For account management, customers can choose to develop their own AWS Landing Zone or use AWS Control Tower to set up and manage multiple AWS accounts. The AWS Account Vending Machine (AVM) in Landing Zone or the Account Factory in AWS Control Tower can create or enroll new accounts that automatically have account baselining, network baseline, and centralized logging enabled.
Figure 1 and 2 show examples of AWS multi-account structures. Figure 1 is based on an AWS Organization structure built specifically for research accounts. Figure 2 is an AWS Organization structure consisting of AWS accounts for a university/campus, which includes central IT, department accounts, and research accounts.

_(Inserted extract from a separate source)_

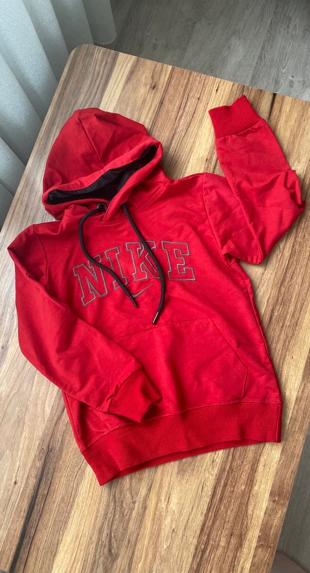 kırmızı kapüşonlu sweatshirt, bol kesim ve uzun kolludur. Yumuşak kumaştan üretilmiş, baskılı logo ve ipli kapüşon detayına sahiptir. 7-8 yaş. Çok iyi durumda hiç giyilmedi.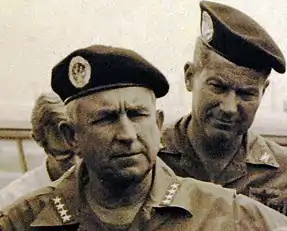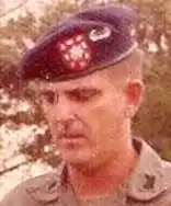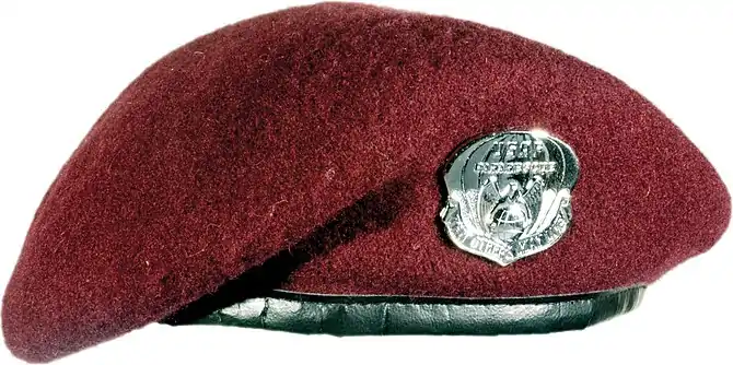 Other beret accouterments began to appear in the 1960s and 70s, particularly between 1973 and 1979 when the Department of the Army's (DA) morale-enhancing order was in effect and various colored berets began to be worn my numerous units and branches of the Army.[20][21][28] Historical photographs from the 1960s through the 1970s show soldiers assigned to Long-Range Reconnaissance and Patrol units wearing black berets with a wide variety of patches, tabs, and devices that were used as their beret flash (see Example 1).[28] Also during this time-period, some paratroopers and rangers assigned to certain training units would wear their Airborne Tab or Ranger Tab on a black beret above their DUI, Parachutist Badge, or rank insignia (see Example 2).[28][29] In 1975, the Army authorized its ranger units to wear the black beret with some of these units continuing to attach their Ranger Tab to their beret by sewing it on top of their new organization beret flash.[28][30] In 1973, Army leaders authorized the wear of the maroon beret by airborne units.[28] Historical photographs of these paratroopers in the 1970s show them wearing their Parachutist Badge on their maroon beret, just as members of special forces had done on their green berets in the 1950s, but with their unit's background trimming—which made their debut in World War II[31]—and officer or NCO polished metal rank insignia below it (see Example 3).[3][16][28][32] Paratroopers of the 82nd Airborne Division (Div) wore their maroon berets differently with historical photographs from 1973 through 1977 showing 82nd Airborne Div paratroopers attaching their DUIs and eventually adding traditionally styled regiment (RGT) and/or battalion (BN) specific organizational beret flashes—pattered after their unit's background trimming—and worn in the same manner as they are today.[1][27][33][34] Similarly, in 1974 Army leaders authorized the 101st Airborne Div to wear the dark-blue beret[8][28]—the same year the unit was redesignated as an air assault division.[35] Army articles and historical photographs of 101st soldiers show them wearing the same traditionally styled organizational beret flashes as the 82nd—also patterned after their unit's background trimming—but with enlisted attaching their DUI and NCO and officers attaching their polished metal rank insignia. Between 1976 and 1977, 101st soldiers would add their Airmobile Badge—renamed Air Assault Badge in 1978[36]—to their berets and wore them to the left of the wearer's beret flash (see Example 4).[8][28][37] Additionally, US Army armored cavalry RGTs stationed in West Germany began wearing locally authorized black berets in the 1970s with a cloth maroon and white elongated oval as their beret flash.[20][21][28] These armored cavalry unit soldiers wore the oval vertically behind their DUI, to the left of the wearer's metal rank insignia (enlisted, NCOs, and officers alike), and positioned over their left temple (see Example 5).[20][21][28][38] Also during the 1970s, arctic-qualified soldiers of the 172nd Infantry Brigade (BDE) began to wear locally authorized olive-drab berets with traditionally styled organizational beret flashes that were hand-made, unique to each BN, and were worn in the same manner as they are today (see Example 6).[1][21][28] The aforementioned Army articles and historical photographs also describe and show the use of unique Army branch specific berets that were worn by some soldiers in the 1970s which were dyed to match the heraldic colors of their branch.[20][21] Enlisted soldiers attached their regimental insignia while officers attached their polished metal rank insignia on these branch-specific berets for used as their beret flash.[20][21][28] By 1979, the Army put a stop to the use of berets by conventional forces, leaving only special forces and ranger units the authority to wear berets.[20][21][28]

Figure 1 is a sample architecture for a multi-account organizational structure using Control Tower for research accounts. The organization structure consists of a core organizational unit (OU) with log archive, security/audit account and network accounts. The organization has several other OUs consisting of AWS accounts for researchers based on data sensitivity, compliance, and public access. This helps to group accounts under specific OUs to centrally manage and provide required governance, security, and compliance. This account structure can be beneficial for customers who want to create and manage all their research workloads in different AWS accounts under one AWS Organization and manage billing and governance related to research workloads only.

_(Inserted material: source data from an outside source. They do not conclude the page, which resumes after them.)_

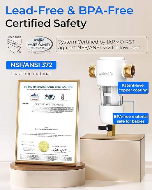 - 【NSF/ANSI Certified Safety】The WD-PF01DB sediment filter meets NSF/ANSI 372 standards for lead-free materials. Its BPA-free housing ensures safety for mothers and babies. Additionally, the high-quality copper head, coated with a patented blue crystal nano-layer, is not only durable but also free from heavy metal leaching, guaranteeing the safety of your water.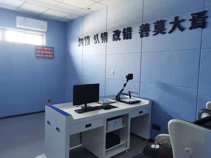 升級改造過程中,開發(fā)公司嚴格按照部、省、市等相關(guān)部門關(guān)于執(zhí)法辦案場所建設(shè)、升級改造及管理使用的要求,規(guī)范升級改造了訊問室、詢問室、辦案區(qū)、接待區(qū),辦案區(qū)設(shè)有訊問室、詢問室、等候室、信息采集室等候室、檢查室、信息采集室、涉案財物管理室以及衛(wèi)生間。各功能室內(nèi)全部安裝隔音防撞防火軟包及監(jiān)控設(shè)備、同步錄音錄像器材,全面消除安全隱患。并在辦案區(qū)及各功能室配有相應(yīng)的門牌標識、工作流程和安全管理制度等。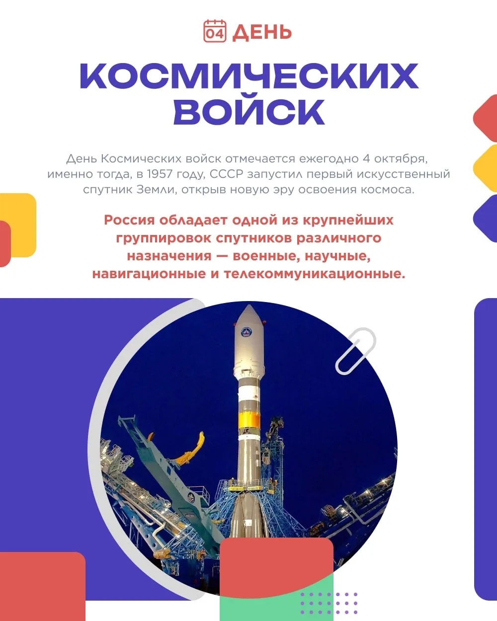 Пусть небо всегда будет ясным, а настроение космически высоким! Сегодня в нашей стране отмечается День космических войск. Этот праздник посвящается героям невидимого фронта, специалистам, чья миссия связана с космосом и защитой нашего государства на просторах Вселенной. Именно они следят за нашим небом, обеспечивая мирное существование каждого гражданина нашей страны. Мы благодарим тех, кто трудится в тени звезд, сохраняя спокойствие наших ночей и уверенность завтрашнего дня. 🚀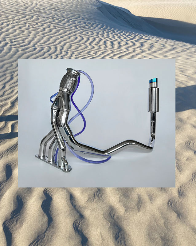 The selection of works presented focuses particularly on off-road racing and its ecological, economic, symbolic, and cultural implications for the peninsula. Within the broader world of off-road racing we find the famous Baja 1000. This race is a 1,000-mile (1,609-kilometer) course that involves crossing the desert from end to end, burning around 900 gallons of gasoline. The star vehicles are the so-called Trophy Trucks, large machines with military technology and powerful engines that allow the racers to navigate difficult terrain. Throughout the desert, racers face the famous silt beds, beds of ultra-fine sand. Driving on them is like driving on water; the challenge is to cross them as quickly as possible without sinking. Doing so not only can one lose control, but the sand rises, creating a kind of cloud that envelops the vehicle. The sand, being so fine, with minimal density and weight, rises upon contact with the intersection, forming this enormous cloud that hangs inside and outside the vehicle, completely obstructing visibility for several minutes. The image of these heavy machines, with 950 horsepower and a-meter tall tires, is weakened by the lightness of the sand. This project turns our attention toward the natural agency of the minuscule and contrasts it with the physical and technological weight of the car and what it symbolizes. Through invisible natural dynamics, the project seeks to destabilize the notion of progress and domination of nature.
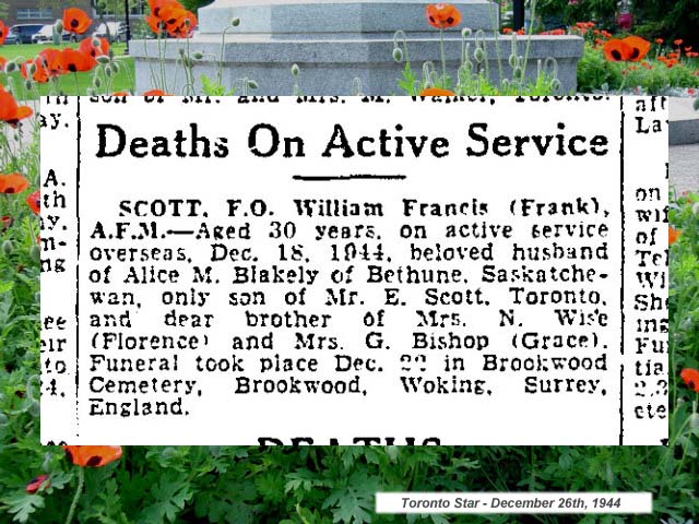 Fils d'Ebenezer et Clara Maud Scott. Époux d'Alice May Blakely Scott, de Regina, Saskatchewan.

Figure 2 shows a sample organization structure consisting of multiple AWS accounts in the university/campus, which includes central IT, department accounts, and research accounts. Each department can have their own OU and there can be several research OUs similar to as shown in Figure 1.1. This account structure architecture provides a centralized management and governance for multiple AWS accounts across the university/campus and allows them interact with the core OU accounts running services like authentication, monitoring, networking centrally for all the AWS accounts under this AWS Organizations.
Researchers benefit from having centralized governance, security, and networking being under an organization and also from enterprise discounts, volume discounts, discounts on data egress, and more, based on the requirements and conditions.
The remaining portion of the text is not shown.